The internet and air waves are burning up with forums and debates and commentaries and calls on the news about the commencement address deal.
My younger son will be graduating from the University of
Notre Dame in May. Last Friday, he informed me that President Obama
will be giving the commencement speech and will be awarded an honorary
degree. I was, frankly, stunned. The joyful event of our son’s
graduation has now been overshadowed by a dark cloud. I am proud of my
son and of all he achieved at Notre Dame, but I am ashamed of Notre
Dame itself.
How can an institution that purports to be Catholic honor as a
“doctor of law”—literally a “teacher of law”—a President who has made
it very clear by word and deed that he intends to remove from the laws
of this nation anything that defends unborn human life? Of course,
there is more to Obama than his position on abortion and the life
issues. There are things about him that anyone, Catholic or
non-Catholic, can respect and admire. But can they justify overlooking
his appalling stance on abortion?
Abortion is a defining issue of our time, in the way that slavery
was in the mid-nineteenth century and segregation and racial
discrimination were in the mid-twentieth century. Overlooking the
pro-abortion views of a politician now would be analogous to
overlooking pro-slavery or segregationist views in those eras. Would
Notre Dame have invited a champion of segregation to be a commencement
speaker in the 1960s, however brilliant or talented, however
well-meaning in other ways and on other issues he or she may have been?
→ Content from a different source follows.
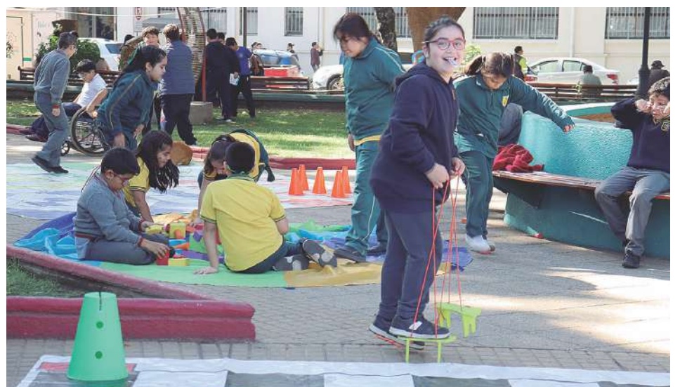
Niños y niñas disfrutaron de los juegos dispuestos para ellos.

No. And everyone knows that, so people refuse to accept that
equivalence and instead, revert to a false one of openness to dialogue
with people who disagree. As if this is about that.
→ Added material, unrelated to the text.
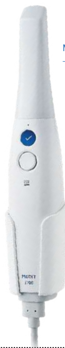
Medit i700 MIT001240

Ahorre tiempo Tan sencillo como enchufarlo al ordenador y empezar a trabajar
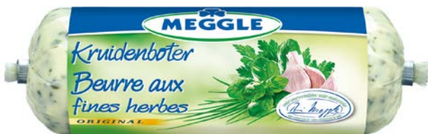
KRUIDENBOTER BEURRE AUX HERBES

It’s actually about status.
There is a Faustian bargain being struck. President
Obama has been feeling great heat on the life issues due to the
courageous stands by many of the country’s Catholic bishops. Speaking
at and being honored by Notre Dame is a way for him to insulate himself
from that heat. In return, Notre Dame gets to seem important, by
basking in the glory of a presidential visit. The university is willing
to sacrifice the integrity of the Church’s moral witness on the central
social-justice issue of our time to pursue its institutional ambitions.
And the explanation for it only raised more questions. And ire. I
heard about it on the air yesterday, from a caller who said the letter
from ND president Fr. Jenkins was wholly unconvincing and even
confusing. Carl Olson says that, too.
Nope, I’m not tracking well with this “Persuasion By Praise” approach…
This is sad. Worse, it is scandalous. A friend of mine who is a
student at the Notre Dame law school wrote to me the other day: “Though
the school is by no means perfect, I have been proud of ND until now.
[My wife] and I are both disgusted.” Obviously he isn’t persuaded by
Fr. Jenkins’ methods. Nor am I.
(Referring to that NRO symposium…I only got as far as George Weigel yesterday…)
And Fr. George Rutler states, “This is a highly cynical
act, contemptuous of the Church’s prophetic voice in civil society and
wagering that there will be no retribution. If a midwestern school
seeks attention by granting Mr. Obama an honorary doctorate in law, the
next logical step would be to grant Judas Iscariot posthumously an
honorary doctorate in business administration.”